The head of America's war on drugs, Michael Botticelli, made a suggestion to CBS News's Scott Pelley that may surprise many Americans: The old drug war is over.

"We can't arrest and incarcerate addiction out of people," said Botticelli, head of the White House Office of National Drug Control Policy's (ONDCP), referring to "this old war on drugs." "Not only do I think it's really inhumane, but it's ineffective and it cost us billions upon billions of dollars to keep doing this."

This isn't the first time Botticelli has made the claim, previously saying something similar to Vox and the Washington Post when he was first named to the position. "We can't arrest our way out of the problem, and we really need to focus our attention on proven public health strategies to make a significant difference as it relates to drug use and consequences to that in the United States," he told me in 2014.

But is it true? Has America really moved on from its old war on drugs, and begun treating drugs as a public health issue?

It's complicated. No, America has not ended its war on drugs.
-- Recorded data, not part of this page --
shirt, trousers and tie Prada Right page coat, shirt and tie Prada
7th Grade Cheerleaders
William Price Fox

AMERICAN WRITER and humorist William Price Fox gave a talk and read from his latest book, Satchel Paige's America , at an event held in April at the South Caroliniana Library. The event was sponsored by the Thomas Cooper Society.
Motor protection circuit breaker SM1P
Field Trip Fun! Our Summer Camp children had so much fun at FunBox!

But over the past several years, the Obama administration has shifted federal anti-drug efforts to focus more on treatment and prevention — the public health, or "demand," side of the war on drugs — over law enforcement and interdiction, the traditional "supply" side of the war on drugs, which treats drugs as a law enforcement and national security issue.

There's still a lot of war in the war on drugs

Here are ONDCP's budget numbers over the past few years, which represent the federal government's anti-drug spending:

The figures show a mixed story. A greater proportion of anti-drug spending is going to treatment and prevention — about 44.8 percent in fiscal year 2016, up from 36.9 percent in 2009. But a majority — 55.2 percent — is still going to the side of the drug war associated with incarceration and fighting drug cartels and gangs. ONDCP even requested an increase to law enforcement and interdiction efforts in 2016 (even to controversial programs like civil asset forfeiture), although the increase is smaller than the increase to prevention and treatment efforts, particularly over the past few years.
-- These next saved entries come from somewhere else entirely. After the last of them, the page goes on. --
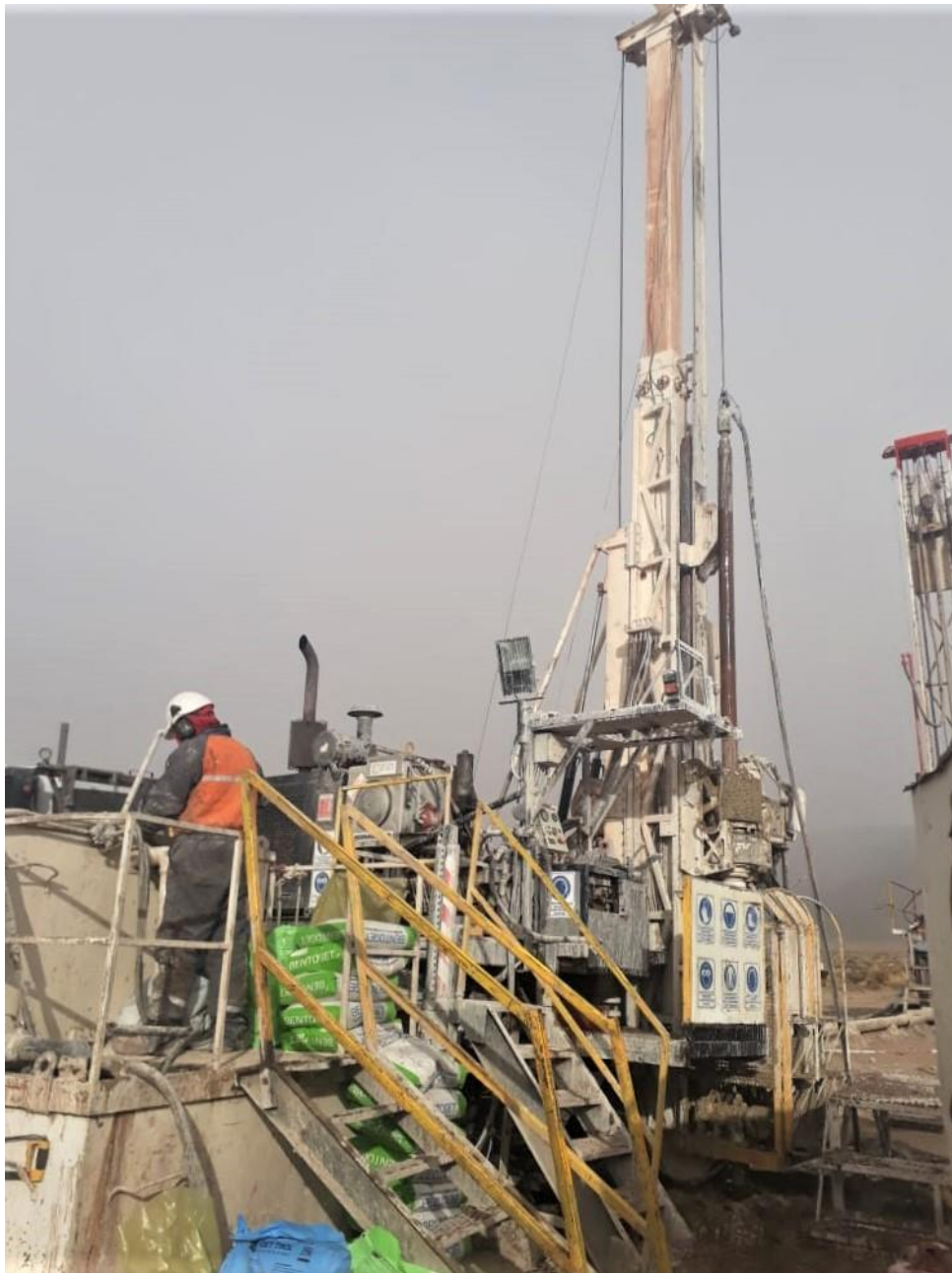
Figure 1: Foraco diamond drill rig at Lake's Cauchari brine project

Follow Lake Resources on Twitter: https://twitter.com/Lake_Resources http://www.lakeresources.com.au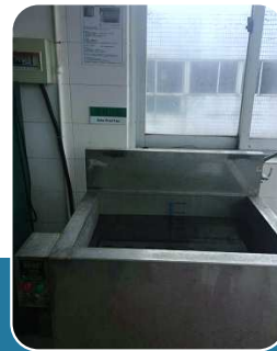
Water Sink 1 pcs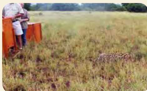
The dash to freedom in the wild.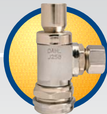
216-46-31 1/2 CPVC x 3/8 OD Comp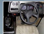
Ergonomically Designed Driver Console

New Concept luxury Bus is a brand new product developed especially for International Bus Market. With all the robustness and reliability to make it the perfect Bus, FR 1318 combines Style, Safety, Performance and Comforts in harmony to make journeys 'Memorable'.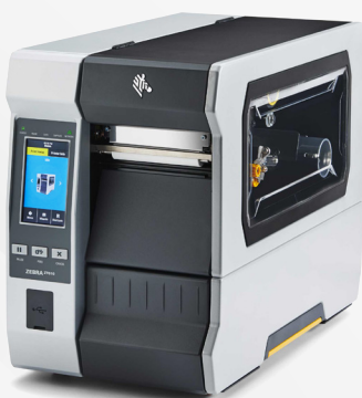
ABOVE: Zebra Label Printer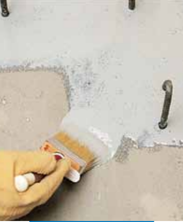
Applying Eporip by brush on construction joint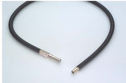
Flexible light guide single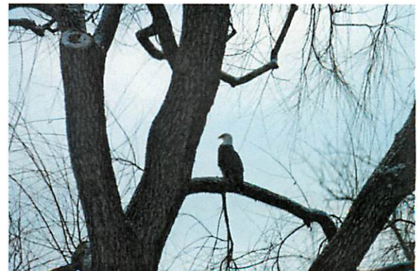
Bald Eagle in Cedar Creek Parkway

Friends of the Allentown Parks 3000 Parkway Boulevard Allentown, PA 18104 Phone: 610-437-7750 www.allentownparks.org info@allentownparks.org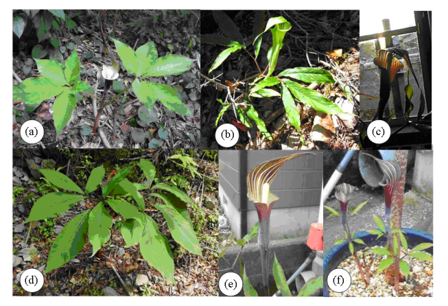
Figure 1. Arisaema species examined in this study. (a) A. sikokianum; (b) A. serratum; (c) putative hybrid in 2007; (d) putative hybrid in 2006; (e) putative hybrid in 2010; (f) newly formed putative hybrids in 2010.

ber of A. sikokianum and A. serratum is 2 n = 28 in both species [8]. Therefore, it is possible to generate a hybrid between A. sikokianum and A. serratum .

The numbers don't tell the entire story. As Botticelli pointed out, recent changes to federal law — the Mental Health Parity and Addiction Equity Act, the 2008 Medicare Improvement for Patient and Providers Act, and Obamacare — imposed new rules on health insurers, requiring them to cover drug and alcohol treatment as an essential health benefit. That means public and private plans, like Medicaid or employer-provided insurance, must insure a higher standard of addiction services, just like they fully include heart disease or diabetes treatments in their coverage. These measures improve access to drug abuse treatment by letting people pay for it.
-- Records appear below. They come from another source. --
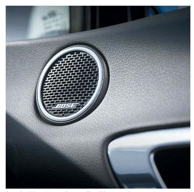
Standard Bose® premium audio with 12 speakers

Make the most of your drive with seamless connectivity offered by Apple CarPlay<sup>™∆</sup> and Android Auto<sup>™Ò</sup>. The high-definition 10.25" touch-screen display offers intuitive smartphone mirroring to access your favourite apps, as well as multiple viewpoints with the 360-degree Surround View Monitor for ease in tight spaces. A Bose® premium 12-speaker sound system provides the ultimate immersive experience for your favourite music.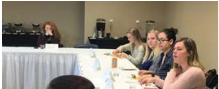
Some Advisory Board members enjoy lunch and discussion with the Dean. Topics included communication methods, Washburn’s website, and general feedback.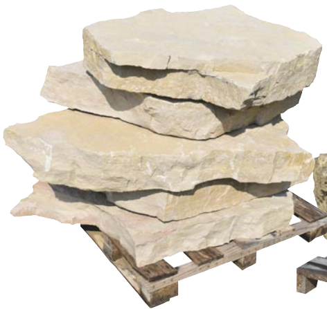
Fond du Lac Buff 5" to 8", 8" to 12" and 12"+ thick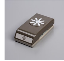
Medium Daisy Punch [149517] $16.00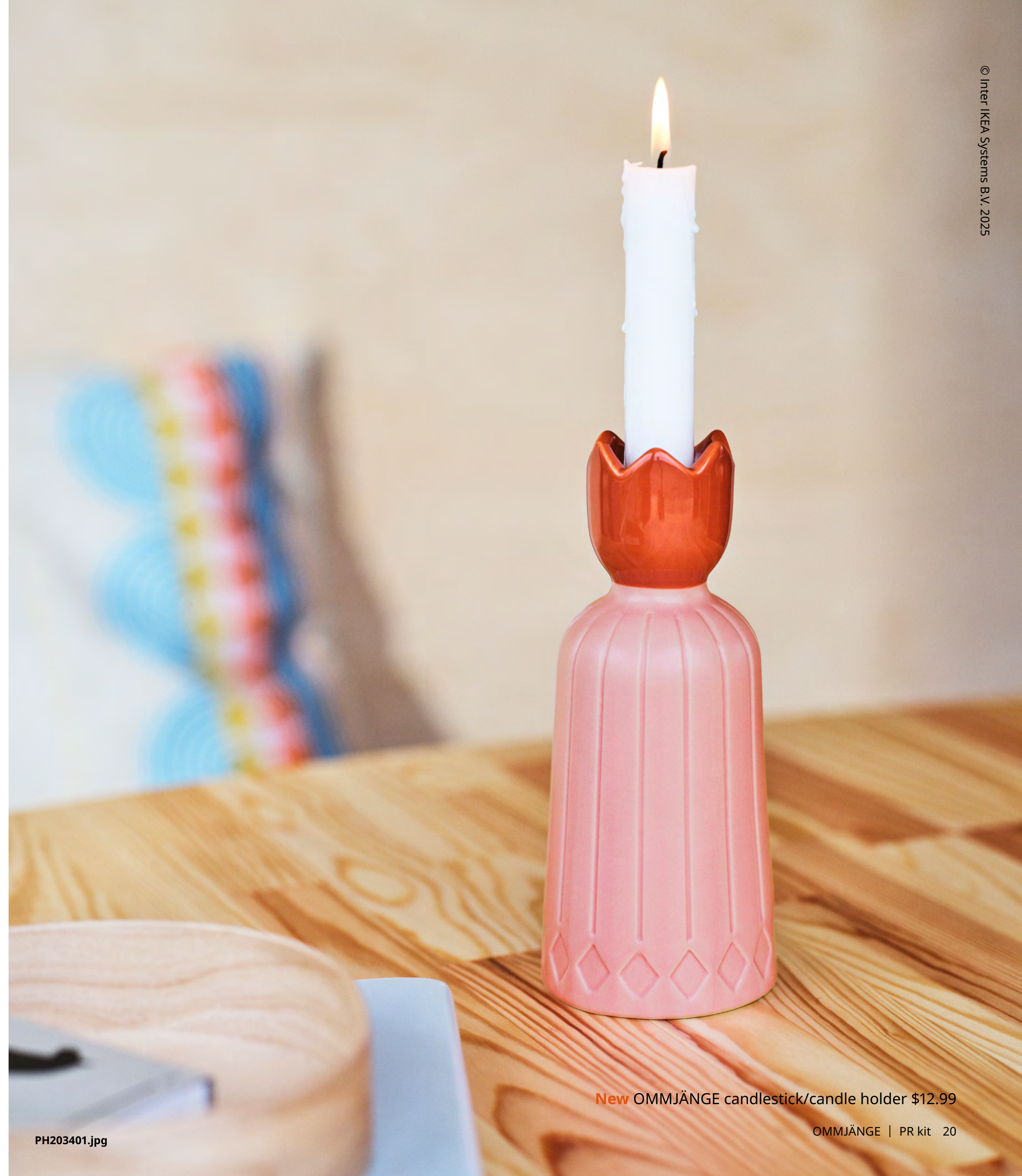
New OMMJÄNGE candlestick/candle holder $12.99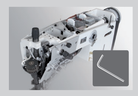
Unique service concept:

Easy and fast access to all adjustments. The top arm cover and the head cover can be removed after loosening just 3 screws

But there's still a lot of work to do on the treatment end. According to 2014 federal data, at least 89 percent of people who meet the definition for a drug abuse disorder don't get treatment. And that's likely an underestimate: Federal household surveys leave out incarcerated and homeless individuals, who are more likely to have serious, untreated drug problems. So the increased spending for treatment and prevention is going to a seriously underfunded issue.

Still, ONDCP's figures show that a majority of anti-drug spending keeps going to the traditional parts of the war on drugs. At the current pace, it will take a few years for treatment and prevention to overtake the law enforcement and interdiction side — and there's no sign that law enforcement and interdiction efforts are going away anytime soon. The war on drugs is changing, but it's still very much with us.